Dependency Inversion Principle

A component that provides low-level services (Infrastructure) should depend on interfaces defined by high-level components (User Interface, Application, and Domain).

Dependency Inversion Principle

Focusing on the Domain Layer, using DIP enables both the domain and infrastructure to depend on abstractions (interfaces) defined by the domain model. Since the Application Layer is the direct client of the domain, it depends on domain interfaces and indirectly accesses repository and any technical domain service implementation classes provided by infrastructure.

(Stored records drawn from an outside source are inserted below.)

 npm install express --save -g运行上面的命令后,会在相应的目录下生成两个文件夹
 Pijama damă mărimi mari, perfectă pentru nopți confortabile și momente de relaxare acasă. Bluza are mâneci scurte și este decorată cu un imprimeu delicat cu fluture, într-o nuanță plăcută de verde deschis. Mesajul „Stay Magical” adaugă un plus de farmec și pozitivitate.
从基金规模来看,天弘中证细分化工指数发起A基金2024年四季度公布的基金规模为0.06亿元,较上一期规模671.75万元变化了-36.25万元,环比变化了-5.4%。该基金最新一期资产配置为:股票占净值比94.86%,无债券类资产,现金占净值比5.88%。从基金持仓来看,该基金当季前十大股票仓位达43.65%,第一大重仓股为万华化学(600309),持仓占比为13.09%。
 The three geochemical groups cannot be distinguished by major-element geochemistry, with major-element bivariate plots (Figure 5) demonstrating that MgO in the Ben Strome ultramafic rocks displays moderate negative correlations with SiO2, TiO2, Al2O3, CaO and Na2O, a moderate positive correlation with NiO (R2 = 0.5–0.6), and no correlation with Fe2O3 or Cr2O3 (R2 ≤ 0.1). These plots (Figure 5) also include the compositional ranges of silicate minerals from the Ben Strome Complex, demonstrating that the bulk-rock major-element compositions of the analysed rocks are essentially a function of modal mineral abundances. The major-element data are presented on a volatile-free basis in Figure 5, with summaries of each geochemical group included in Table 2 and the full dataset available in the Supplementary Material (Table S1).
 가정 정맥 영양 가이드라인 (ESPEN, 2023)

It may use any one of a few ways to acquire the implementations, such as dependency injection.

Hexagonal or Ports and Adapters

An adapter is created to transform application results into a form accepted by a specific output mechanism.

It's not that dependency injection is automatically Hexagonal but it encourages a way of producing an architecture that leans naturally toward the development of a Ports and Adapters style.

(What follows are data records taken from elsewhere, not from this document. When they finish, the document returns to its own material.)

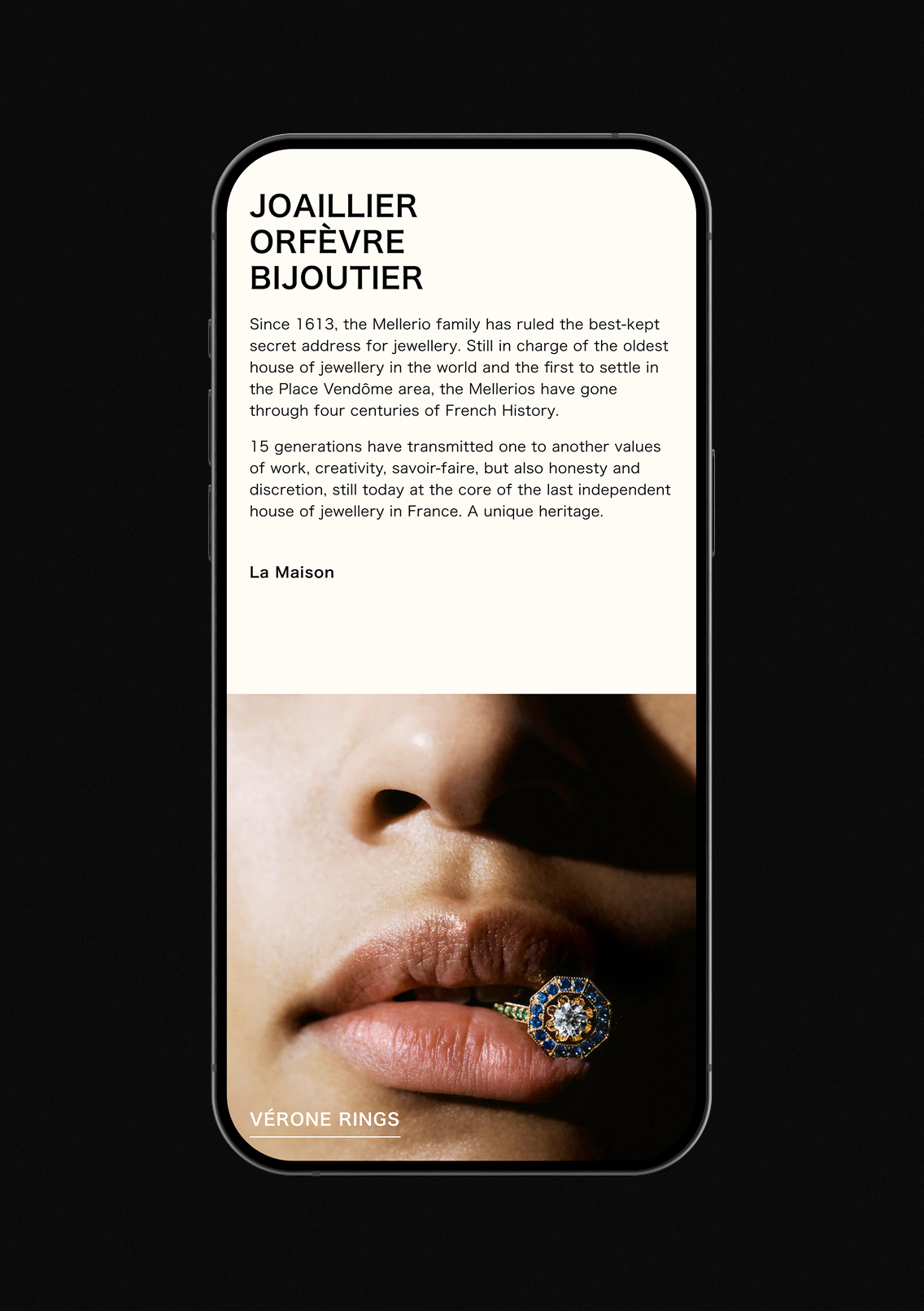Direction artistique et web design du nouveau site Mellerio, maison historique de haute joaillerie. Une identité digitale épurée, conçue pour valoriser l’héritage et le savoir-faire de la Maison.
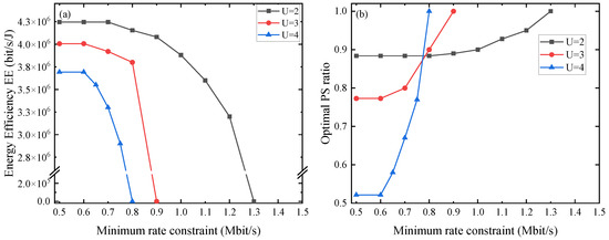 Figure 6 discusses the effect of the user’s minimum data rate on EE and optimal PS coefficient. In this simulation, we change the minimum data rate from 0.5 to 1.3 Mbit/s while the harvested energy is limited to 0.6 mJ. As the minimum data rate requirement increases, EE remains constant until a certain minimum rate requirement is achieved. When the minimum required rate increases to a certain level, EE drops. In order to achieve higher data rate requirements, the optimal PS coefficient is required to be increased. However, in this circumstance, the remote user is unable to satisfy the minimum harvested energy but has to increase the transmit power to ensure the harvested energy. It causes the system rate and EE to decrease. In the end, it is unable to satisfy the requirements no matter how to adjust the power. At this point EE is 0, so that we order the PS coefficient to be 1.
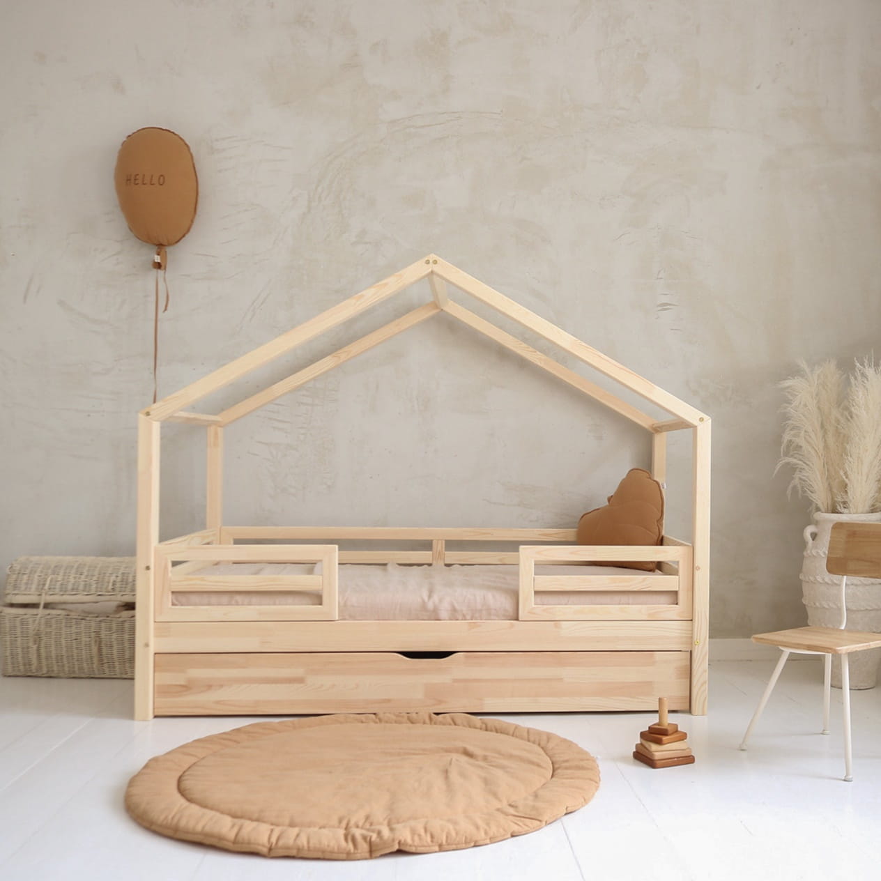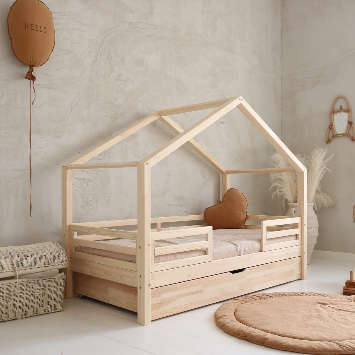 Κρεβάτι Παιδικό Montessori HouseBed Fello Plus με Αφαιρούμενα Κάγκελα 23cm & Συρτάρι σε Φυσικό Ξύλο 90×200cm Luletto (Δώρο 10% έκπτωση στο Στρώμα)
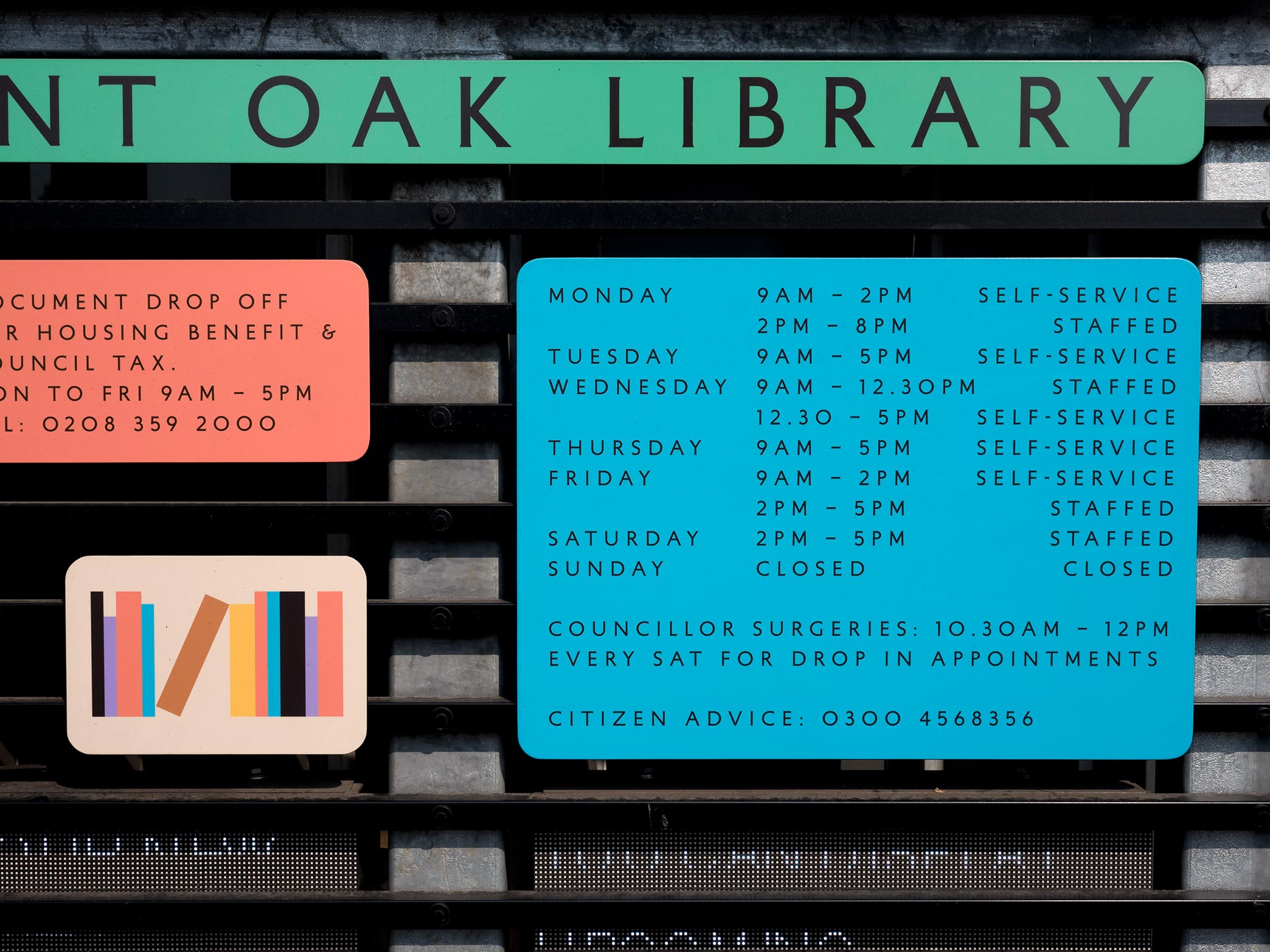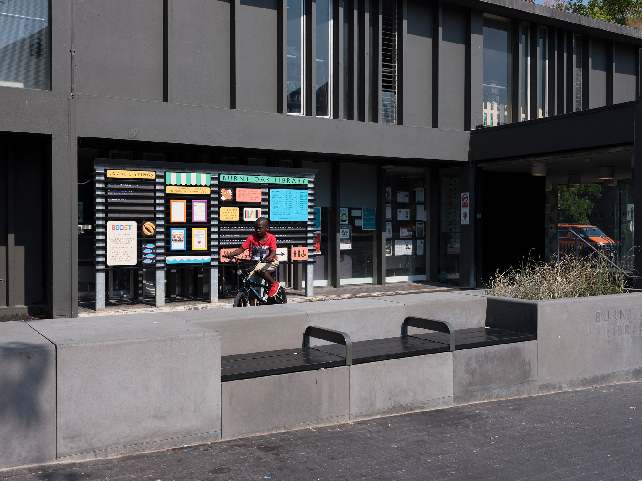 A public realm improvement scheme for Burnt Oak, a town centre in north London. Our work includes a graphic identity, wayfinding, the design of shopfronts and a new community noticeboard. Photography by Philipp Ebeling.

The outside enables disparate clients to submit input and also provides mechanisms to retrieve persisted data, store the application's output (e.g., a database), or send it elsewhere along its way (e.g., messaging).

Hexagonal Architecture a.k.a. Ports and Adapters

Each of the hexagon's sides represents a different kind of port, for either input or output.

In whatever way ports are partitioned, client requests arrive and the respective adapter transforms their input. It then invokes an operation on the application or sends the application an event. Control is thus transferred to the inside.

When using Hexagonal, we design the application with our use cases in mind, not the number of supported clients.

The application's API is published as a set of application services.

The entire application and domain model can be designed and tested before clients and storage mechanisms exist.

Long before a persistence mechanism is selected for the project, in-memory repositories can be employed to mimic persistence for the sake of testing.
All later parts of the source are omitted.